La mauvaise image laissée par la fraude détectée en Europe pourrait aussi peser sur les discussions visant à mettre en place un marché équivalent aux Etats-Unis.
L'ETS préfigure par ailleurs le marché mondial des émissions liées au "mécanisme de développement propre" instauré par le Protocole de Kyoto. Celui-ci implique un nombre d'acteurs et de pays encore plus important. Son bon fonctionnement exigera une régulation encore plus attentive, pour l'instant encore embryonnaire.
Il est de surcroît très incertain : "Investir dans le marché du carbone revient un peu à placer ses économies dans un hedge fund ou dans une société de capital investissement. Le rendement potentiel est certes élevé, mais il y a de gros risques liés à des investissements dans les économies émergentes en constante mutation", souligne James Cameron, vice-président de Climate Change Capital, qui gère plusieurs fonds carbone.
Liens utiles : sur le système d'échange de crédits carbone européen , ETS
11 réponses à “Des escrocs investissent le marché du carbone.”
Pourtant, ce n’est pas faute de nous bourrer le mou, bande d’hypocrites !
A la fin de ce siècle, nos enfants et petits enfants se gratteront la tête pour essayer de comprendre pourquoi émettre -très marginalement par comparaison avec la restitution des océans- un gaz indispensable à la vie devait être taxé.

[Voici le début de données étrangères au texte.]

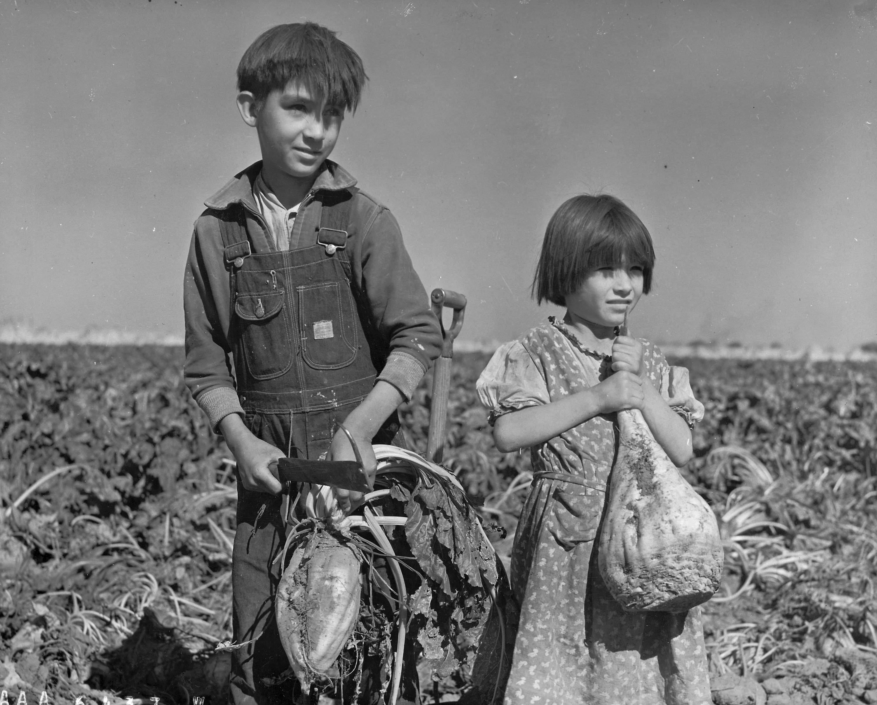 "Children and Sugar Beets" Hall County, Nebraska, October 17, 1940. Vintage print. Records of the Office of the Secretary of Agriculture. (16-G-159-AAA-6437W)

Mais on peut espérer, plus près de nous, lorsque la science sera parfaitement établie sur la question (ce qu’elle est déjà à mon avis), qu’un collectif mette judiciairement en cause les auteurs les plus coupables de cet énorme canular.

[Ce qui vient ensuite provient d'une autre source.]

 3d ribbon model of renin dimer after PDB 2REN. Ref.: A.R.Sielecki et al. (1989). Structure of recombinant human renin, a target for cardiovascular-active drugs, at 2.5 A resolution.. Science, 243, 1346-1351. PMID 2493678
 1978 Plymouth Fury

Surprenant article venant du journal Le Monde — il place cette histoire de RCA dans une perspective plus vaste — mais il est vrai qu’il est de la section Société et économie…
Sirius (#3),
En fait, c’est Kempf qui n’aime pas le marché carbone et qui préfère la taxe !
@4_Araucan
Ah! Je comprend maintenant…
http://www.objectifliberte.fr/…..-urse.html
http://icecap.us/index.php/go/political-climate
2 liens vers des articles qui pourraient susciter votre intérêt
Tu parles!
joletaxi (#6),
Sur votre second lien, cette histoire du protocole de Montréal qui s’enfonce dans la fuite en avant et où la lutte contre les CFC va passer à la lutte contre les HFC, qui sont en voie d’être classés GES, alors qu’ils sont indispensables à la fabrication des panneaux voltaÏques, on va finir par demander l’application systématique du prinicpe de précaution pour toutes les « bonnes » idées environnementales…
@8_Araucan
Hum! C’est la pente dangereuse qui pourrait en effet se matérialiser. Le principe de précaution est, en « principe même » puisqu’on a affaire à un principe ici et non à un fait, infini…
Selon ce même principe, dans le fond, l’idéal (les idéaux relèvent des principes) est de rien faire, ne rien entreprendre, ne rien risquer donc. Idéalement, pourquoi pas, ne pas exister!
Quoi de mieux en effet pour « la planète »?
C’est marrant, une escroquerie intellectuelle victime d’escrocs bien réels.